Six Monologues from John's Passion: #4

"The Governor"

I don't know what I was trying to accomplish, when I sent Jesus out to the crowd.  He was still wearing the crown of thorns and the purple robe the soldiers had put on him.  They meant it to make fun of him.  May I thought when the people saw him, they would feel sorry for him, think that he had bee punished enough.  He had leaned his lesson.  But that's not what happened.  Instead, they were like people who had tasted blood, and who wanted more.  "Crucify him!  Crucify him!"  they shouted.  Everything I did just made it worse.  And honestly, for one of the first times in my life, I was afraid.

I am in charge here.  My job is to keep the peace -- the Roman peace.  And I am good at it.  I'm good at it because I don't let personal feelings introduce on my judgments.  I can't afford to feel sorry for any prisoner that comes to me.  I can't afford to second-guess my decisions.  I need to act decisively, without emotion, on the basis of what is right for the Roman Empire.  I also need to act justly -- at least based on how the Roman Empire determines justice.  So I didn't feel sorry for the prisoner that day.  I don't feel sorry for anyone.  That's not the reason I wanted to let Jesus go.  I did not find a case against him.  That's what I said.  There really wasn't a case against him.
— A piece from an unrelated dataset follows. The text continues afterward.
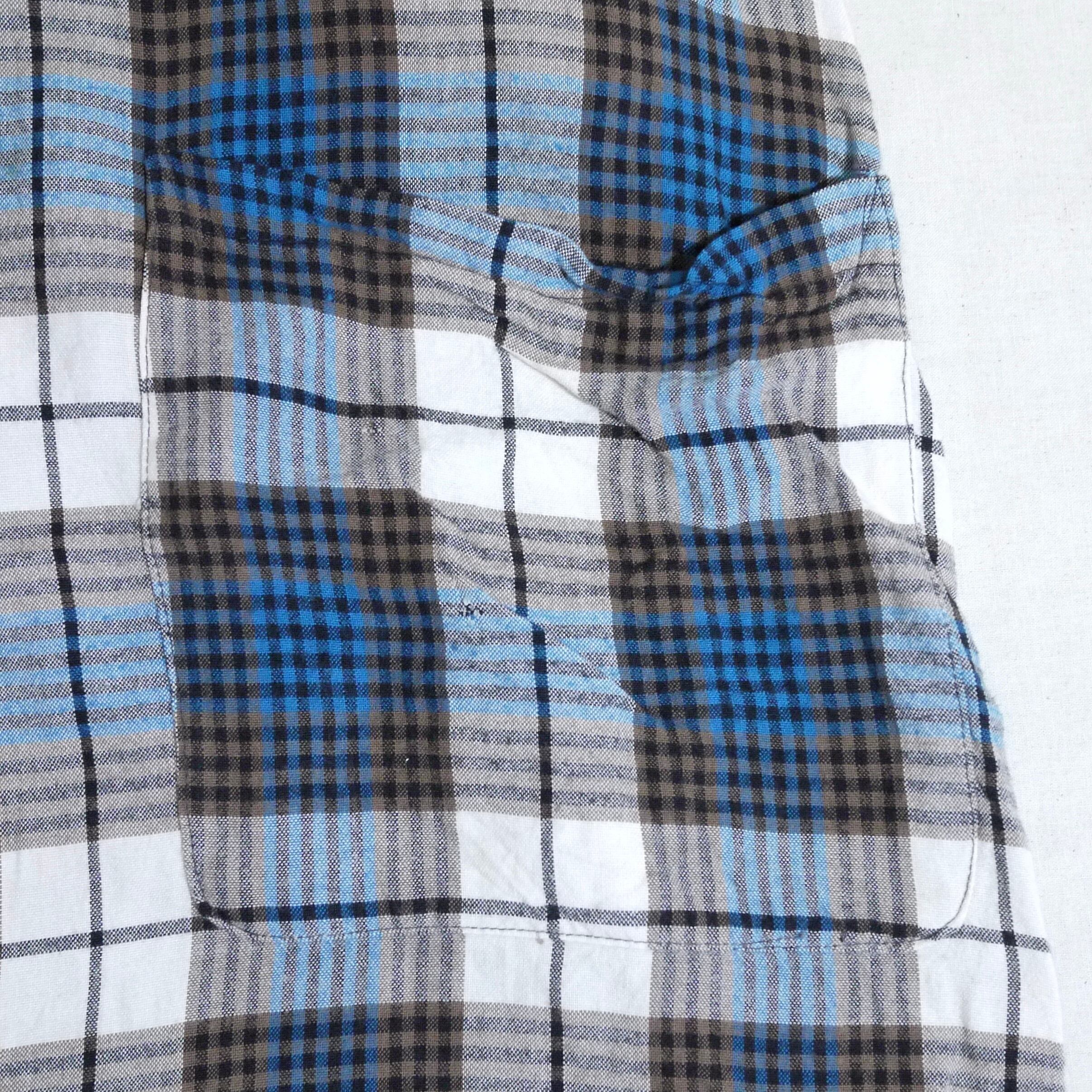 ブルーカラーをベースにしたチェック柄のガウン。

"Here is the man," I said to them, without passion.  And everyone started shouting.  I stayed calm, though, and explained to them that there was no reason for the Roman Empire to kill him.  He told me, "My kingdom is not of this world."  So he was no threat to me.  Then why did he make me feel afraid? That's what I felt when I saw him -- fear.  But he didn't fear me.  He stood right in front of me -- and I have the power to light him go or to order him crucified -- he stood right in front of me and said I wouldn't have any power over him unless Someone Else hadn't given me permission.  He didn't recognize my power.  You can't keep the peace with people like him around -- people who recognize a higher power than the Emperor.

They were right.  He had to die.  He was dangerous.  But still -- I was afraid.  I tried to release him.  I wanted him to go away.  But that's not what they wanted.  And that's not what he wanted either.  He didn't want me to release him.  What he really wanted was for me to look at him -- really look at him -- and know that he was a king -- with a power greater than my own.

I tried to get him to go away.  But he will never go away.  I don't feel sorry for him.  I'm still afraid of him.